In 2023, the Wellcome Trust awarded funds to build an open Data Citation Corpus to dramatically transform the data citation landscape. Through this award, DataCite has partnered with Chan Zuckerberg Initiative, EMBL-EBI, and other organizations that identify and assert data citations.
We at Digital Science have been looking at the Data Citation Corpus, to dig deeper into data citation counts.
The first release is based on a seed file that includes data citations from the following sources:
- Data citations from DataCite and Crossref DOI metadata, via Event Data.
- Data citations from the CZI Science Knowledge Graph, identified via a Named Entity Recognition model algorithm that searches for mentions to datasets in the full text of journal articles and preprints in Europe PMC.
So we are basically looking at papers that have a link to a DataCite DOI or accession number.
By combining this dataset with Dimensions.ai data in Google Big Query, we we're able to add more dimensions to the dataset (pardon the pun), such as funder or institution.
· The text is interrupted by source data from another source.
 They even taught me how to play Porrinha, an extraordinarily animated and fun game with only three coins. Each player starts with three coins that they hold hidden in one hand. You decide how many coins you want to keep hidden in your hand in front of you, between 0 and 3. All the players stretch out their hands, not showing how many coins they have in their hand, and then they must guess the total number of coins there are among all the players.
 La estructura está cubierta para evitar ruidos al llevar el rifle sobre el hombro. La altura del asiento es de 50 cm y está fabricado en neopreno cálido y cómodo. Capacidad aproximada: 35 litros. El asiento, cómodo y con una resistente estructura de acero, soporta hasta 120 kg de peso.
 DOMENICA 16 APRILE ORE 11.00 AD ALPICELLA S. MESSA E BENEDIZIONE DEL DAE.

The Data Citation Corpus only gave us about 70% of the paper links that were resolvable DOIs. This should improve over time.
This allows us to track how well things like the NIH open data policy is encouraging linking to datasets from papers.
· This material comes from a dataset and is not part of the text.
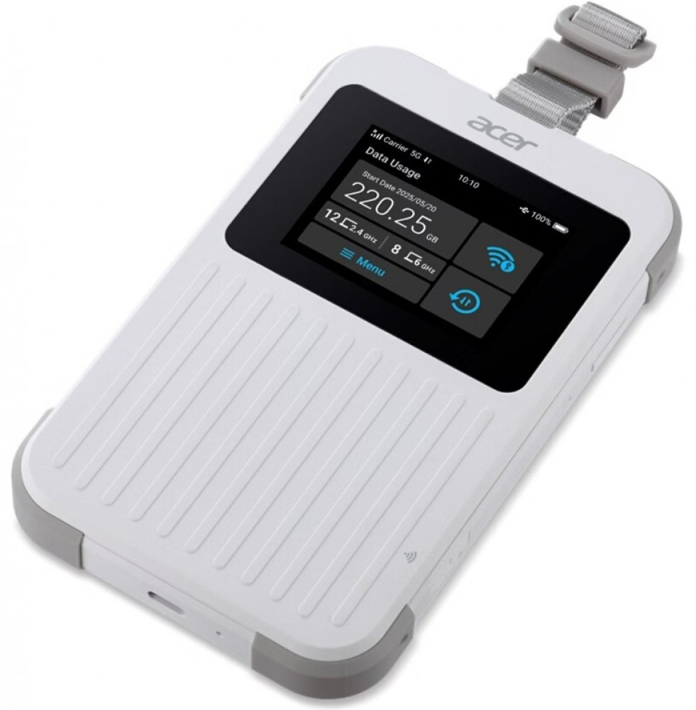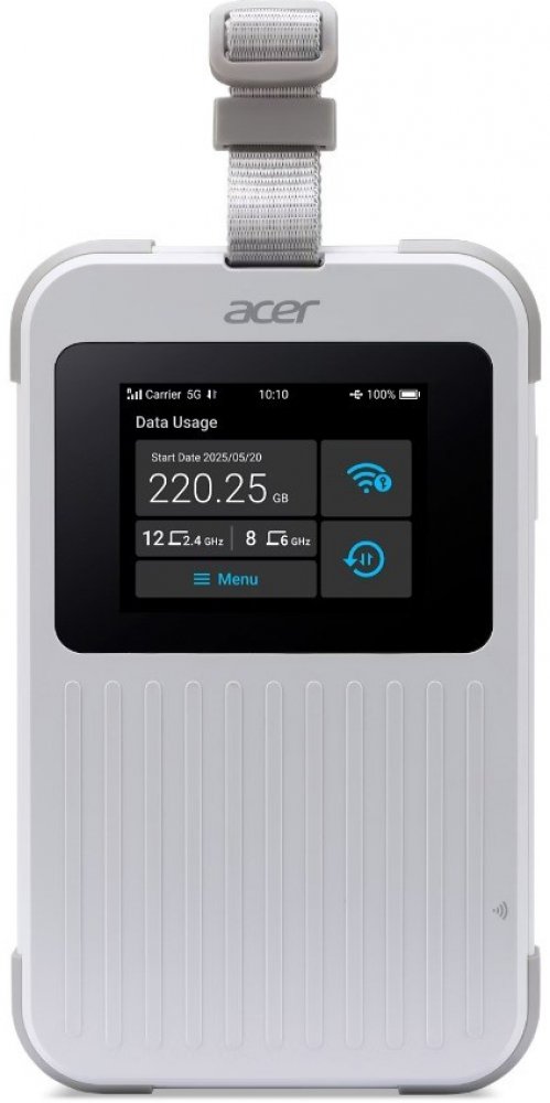 Acer Connect Enduro M6E - 5G<E dual connectivity mobile WiFi hotspot router, 2,4” Touch display, Mediatek Octa Core Cortex A78/A55 2.4GHz, 3GB LPDDR4X, Wifi 6E 802.11 a/b/g/n/ac/ax up to 32 devices, Dual band 2.4ghz+5ghz nebo 2.4GHz + 6GHz, speed AX3000, NFC, battery 8000 mAh (fast charging), 1x USB Type-C 3.0, NanoSIM & eSIM + VirtualSIM (SIMO), IP68 & odolnost proti pádu až z 122cm, MIL-STD 81

The data behind the graphs is on Figshare here: https://doi.org/10.6084/m9.figshare.26649703.v1
If you would like to play around with the data yourself, you can request it here. One limitation of the Data Citation Corpus is that it only has data to 2022. At Digital Science, we have up to present data available through Dimensions.ai, so will continue to look for ways to track compliance and monitor the growth and reuse of open academic data going forward.